Эргин подходит ближе. На днищах колесниц он видит изувеченные тела своих гонцов, отправленных утром в Фивы. Их руки и ноги, словно отсеченные мясницким топором, привешены к шеям, торчащие культи прижжены раскаленным металлом. Носы тоже отрезаны...
Называя имя каждого, Эргин дотрагивается до них, товарищей, деливших с ним тревоги войн и веселье пиров. Один уже холоден, двое без чувств, и лишь четвертый встречается глазами с царем. В них слезы. Бывалый воин, пошевеливаясь, как червь, и по-детски жалобно всхлипывая, что-то пытается произнести окровавленными губами.
Сотни голосов толпы гудят яростью, в глубине ее воет, вырываясь из рук, потерявшая разум женщина. Срывая голос, Эргин требует всех замолчать, и толпа стихает. Воющей женщине зажимают рот.
— Кто!? — наливаясь кровью, кричит владыка Орхомена.
Каждый толчок пульса отдается ему под черепом, как удар молота.
— Воин в львиной шкуре, — бормочет изувеченный. — Мы не знали его...
— Всего один?
— С ним был... оруженосец. Мы встретили их в кадмейских пределах... — с трудом произносимые слова прерываются надрывными вздохами. — Он спросил... кто мы... что за дело... Мы отвечали... как ты велел... что едем напомнить фиванцам о твоей... милости, как ты... поступил с ними... наложив дань вместо того, чтобы... отрезав носы... руки...
Тихо скуля, глашатай глотает воздух. Огни факелов дрожат в слезящихся глазах.
— Ну!! — кричит Эргин.
Его побелевшие пальцы вцепляются в борта колесницы.
— Мы велели ему убираться... с дороги. Он же спросил... вправду ли Эргин жаждал... такой... дани. И он... он...
Рвущий сердца вопль вновь снова несется из толпы, невыносимо слившись с вторящим собачьим воем.
— Не молчи! — кричит Эргин.
Но глашатай его воли в обмороке. Быть может, он уже ничего не скажет. В обращенных к нему лицах Эргин видит отражение собственной ярости.
— Фивы заплатят за все! — произносит он. — Они нарушили обычай! Боги не вступятся за них!
И, подняв кулак, издает воинский клич. Минийский народ вторит вождю, подняв к небесам сверкнувшее в факелах оружие.
Однако люди не всегда способны предугадать замыслы своих богов.
Вечером бывает приятно, забравшись на плоскую кровлю дома и глядя на затягиваемый дымкой горизонт, лениво перебирать внутри себя мысли, не тревожащие душу. Над поселком поднимаются к небу дымы вечерних очагов, мычит пригнанное с пастбища стадо, и не подгоняемые никем коровы с раздутым выменем сами расходятся по своим дворам. Человек-с-гор щурится на клонящееся к закату солнце. В сущности, приходит ему в голову, подлинное счастье человека не в славе, не во власти, не в силе, а в той сумме мелочных с виду событий и дел, истинная цена которых известна лишь ему одному. Улыбаясь, он припоминает некоторые из этих мелочей — когда его обостренный во время жизни в горах дар предчувствия нашептывает приближение беды. Он надолго задумывается и некоторое время спустя спускается вниз.

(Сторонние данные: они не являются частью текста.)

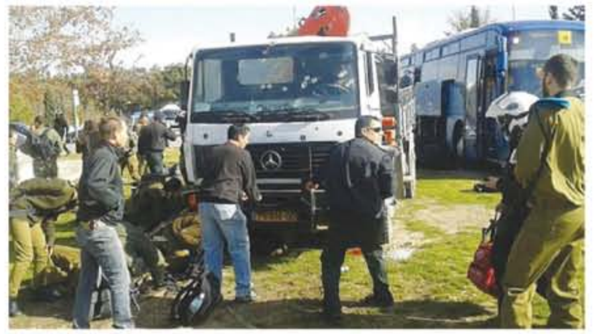
القدس المحتلة - وكالات

اتجمعت مئات المستوطنين بحراسة من جيش الاحتلال فجر امس الجمعة بلدة كفل حارس شمال سفيت، والهاوا طقوساً دينية واحتفالات صباحية في معابنها التاريخية.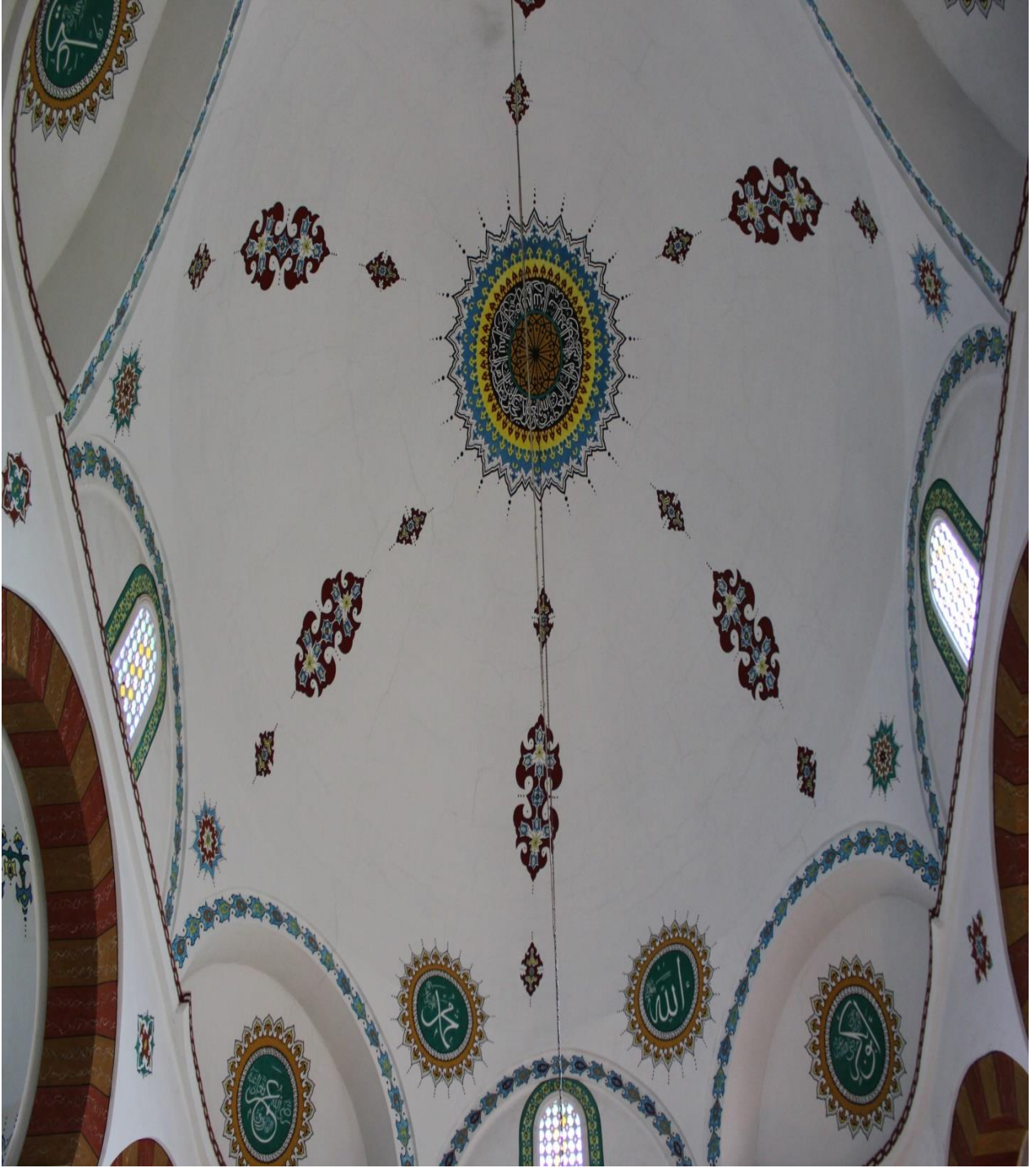
Resim 12: Belde Camisinin İçi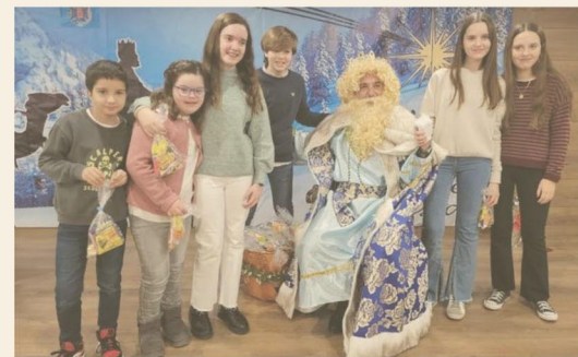
Los niños posan con uno de los Reyes Magos.

Sus Majestades de Oriente reciben a unos 600 menores, hijos de los miembros del Colegio, en la residencia de mayores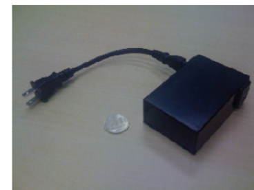
図 1 細粒度電力センサ Fig. 1 Fine-grained Watt Meter

コンセント単位で計測可能なことにより機器個別の消費電力変化を知ることができ、機器使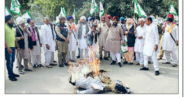
सिरसा। लघुसचिवालय में पुतले फूंकते किसान।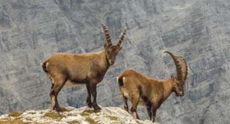
Yangir , l'ibex ou bouquetin de l'Himalaya : finesse incomparable, élégant gris naturel, toucher exceptionnel et inoubliable.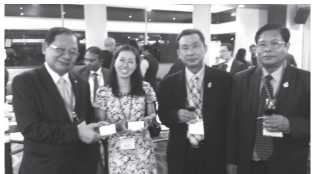
Welcome Reception にて

日本国内における国際化の流れが激しくなる中、今回LAWASIAに参加させていただいたことは何事にも代えがたい財産となった。今回の会議で知り合った方々とのお付き合いを大事にしながら、また知り合えた各国の若手法曹に負けないう、これからも研鑽を積んでいきたい。なお、2015年1月にインドへ行くのだが、LAWASIAで知り合ったインド人弁護士と会う約束をしている。今からとても楽しみである。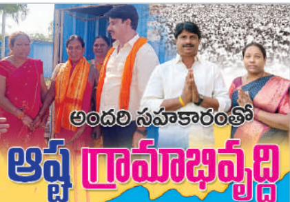
అందరి సహకారంతో ఆష్ట గ్రామాభివృద్ధి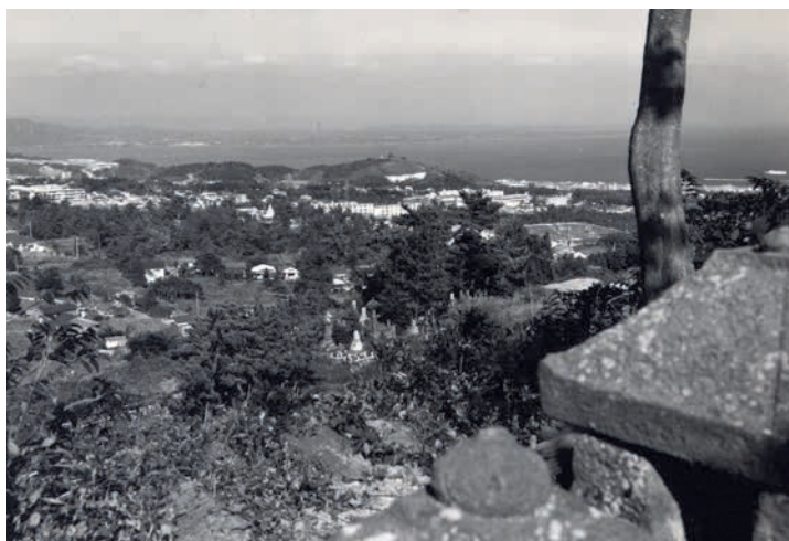
宗像掃部陣所跡付近から実相寺山を望む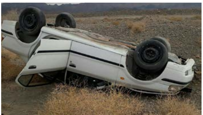
ظهر دیروز واژگونی خودروی سمند در محور گزیگ - آواز سه مصدوم بر جای گذاشت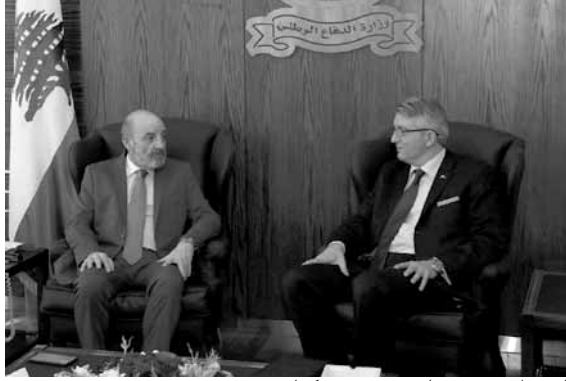
الصراف مجتمعاً مع سفير تركيا

استقبل وزير الدفاع الوطني يعقوب رياض الصراف، قبل ظهر امس في مكتبه في الوزارة، سفير تركيا شغاطاي ارسينز وتم التداول في القضايا المشتركة وسبل تطوير التعاون العسكري والمدني بين البلدين.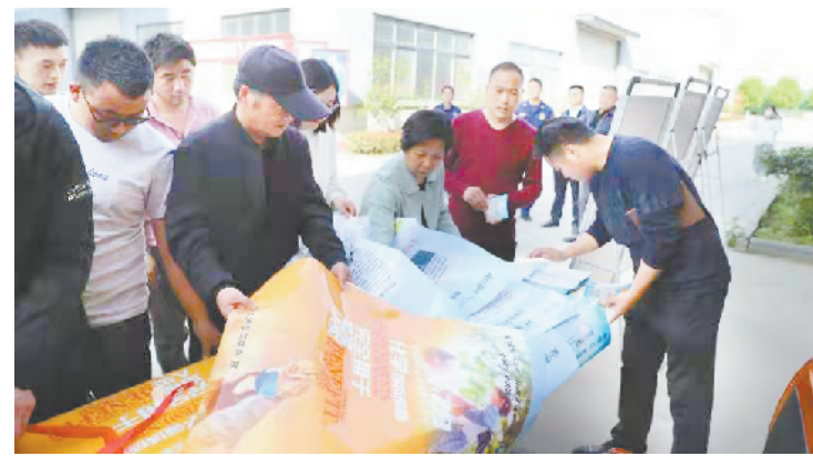
4月27日,港区工信办联合安全办、消防工作室开展“4·29”国际禁止化学武器组织日宣传暨安全生产部署活动,港区30多家企业负责人参加活动。活动现场,工作人员共设置宣传展板6块,悬挂条幅50多条,发放宣传海报200多张。

最后,孙鹏指出,青年事业是党的事业的重要组成部分,港区各相关部门要站在党和国家事业后继有人的战略高度,重视关心青少年工作,关爱呵护青少年成长,为青少年健康成长和事业发展创造条件。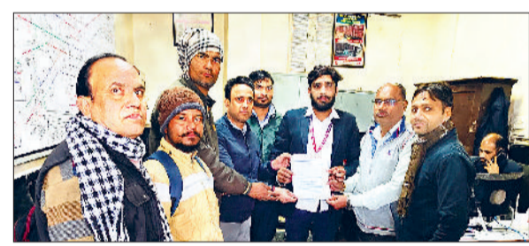
नारनौल। मांग पत्र सौंपते हुए दैनिक रेल यात्री संघ सदस्य।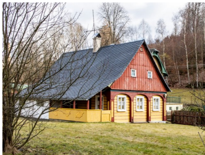
Brtníky č. ev. 21 - Pohled na objekt ze západu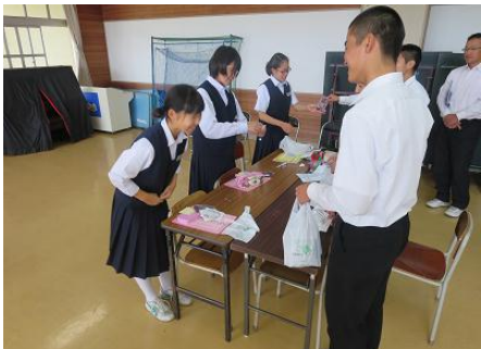
2人1組になってお客さまとのやりとりの練習を何度も繰り返します。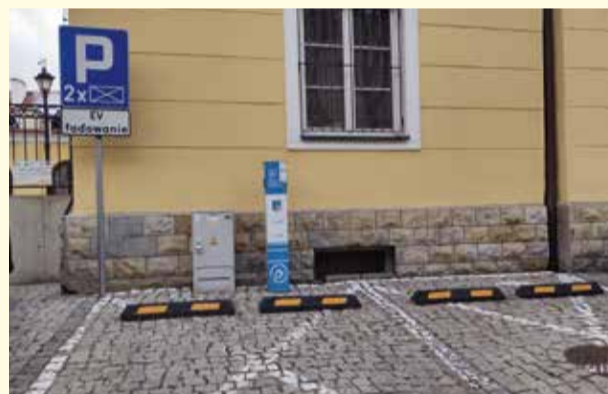
Jedna z dwóch stacji ładowania pojazdów elektrycznych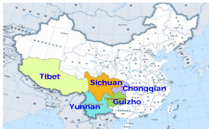
รูปที่ 13 เขตรับผิดชอบของ the Southwest Earth Science Innovation Center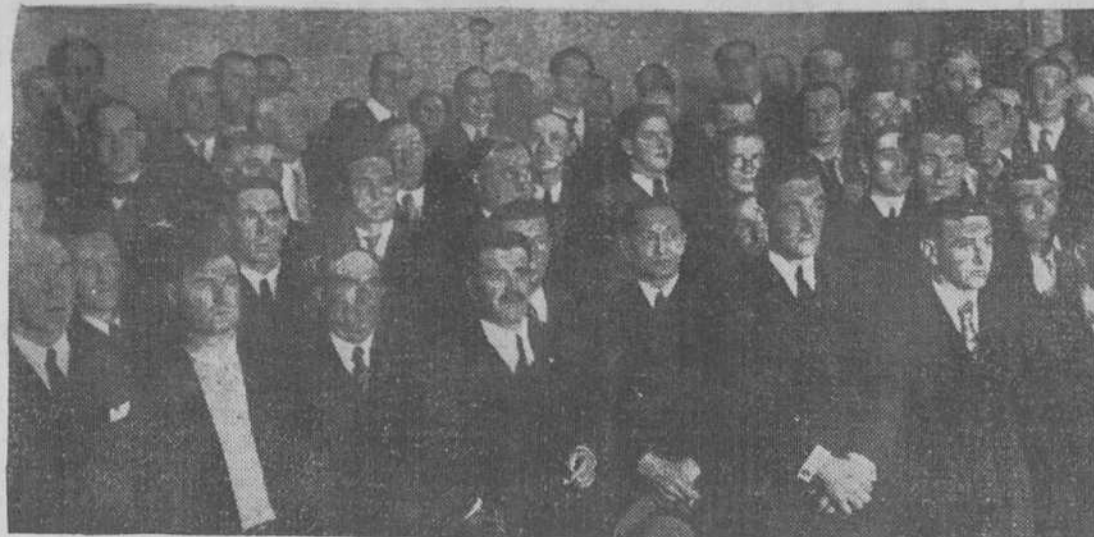
Como consecuencia de la reunión celebrada en Santoña, en el ministerio de Trabajo se ha verificado una Asamblea de pescadores y conserveros del litoral Cantábrico—de la que ayer informamos ampliamente a nuestros lectores—para tratar del grave problema planteado a la industria de la anchoa con motivo de la suspensión de exportación a Italia. En el grabado, concurrentes al importante acto.

Enfermedades del sistema nervioso. Consulta de 11 a 1 y de 3 a 5. CASTELLAN, 1. — Teléfono 11-12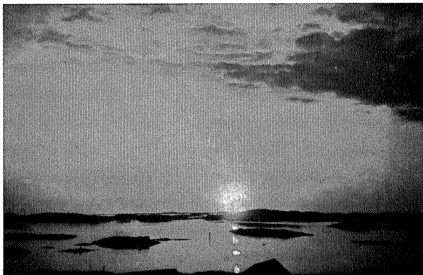
Sol går i hav bak Froøyene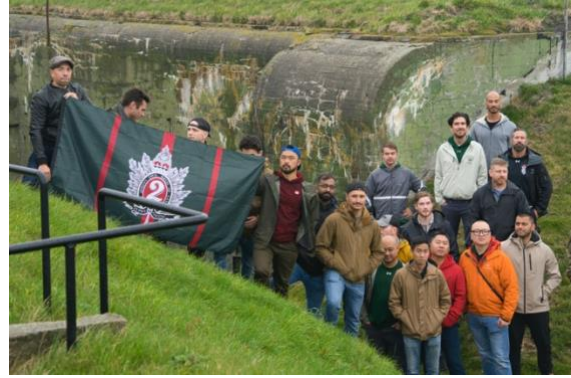
QOR op bezoek in Kazematten Museum te Kornwerderzand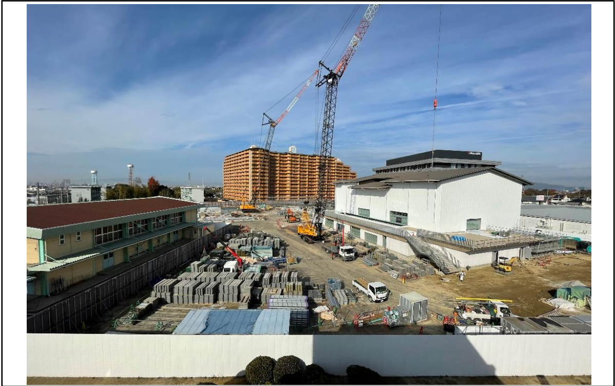
【撮影箇所】 既存校舎屋上より 【説明】 体育館棟 外装工事

Кузнец занимается тем, что раскалывает остывшие полуформы.
— Ты что-то хотел сказать мне? — спрашивает он, оглянувшись и опустив каменный молот.
Человек-с-гор отвечает не сразу. Они уже научились понимать друг друга с полуслова, что не всегда случается между замкнутыми людьми, и ему нелегко начинать прощание.
— Я ухожу, — говорит он.
Кузнец удивленно поднимает брови:
— Почему?
— Я видел знак своей судьбы. Если я останусь здесь, по моим следам придет беда. Не спрашивай меня больше, ибо я ответил достаточно.
Кузнец рассеянно вытирает руки засаленным куском шерсти.
— Куда ты пойдешь теперь?
— Наверно на юг. В Беотию и дальше. Увижу большие города, других людей.
— Люди одинаковы везде.
— Да, наверно. Мне лучше будет уйти сейчас, мастер.
— Мы проводим тебя до тропы.
Такой уж жребий иногда швыряет нам судьба — уходить. И если не держали вас ни долг, ни благодарность, ни любовь, уходите не прощаясь. Не прощаясь с женщиной, которая вас не любила, уходя из дома, не ставшего для вас своим, из страны, не признавшей вас своим сыном. Если с вами случалось что-то подобное, то вы поймете, почему это должно быть именно так.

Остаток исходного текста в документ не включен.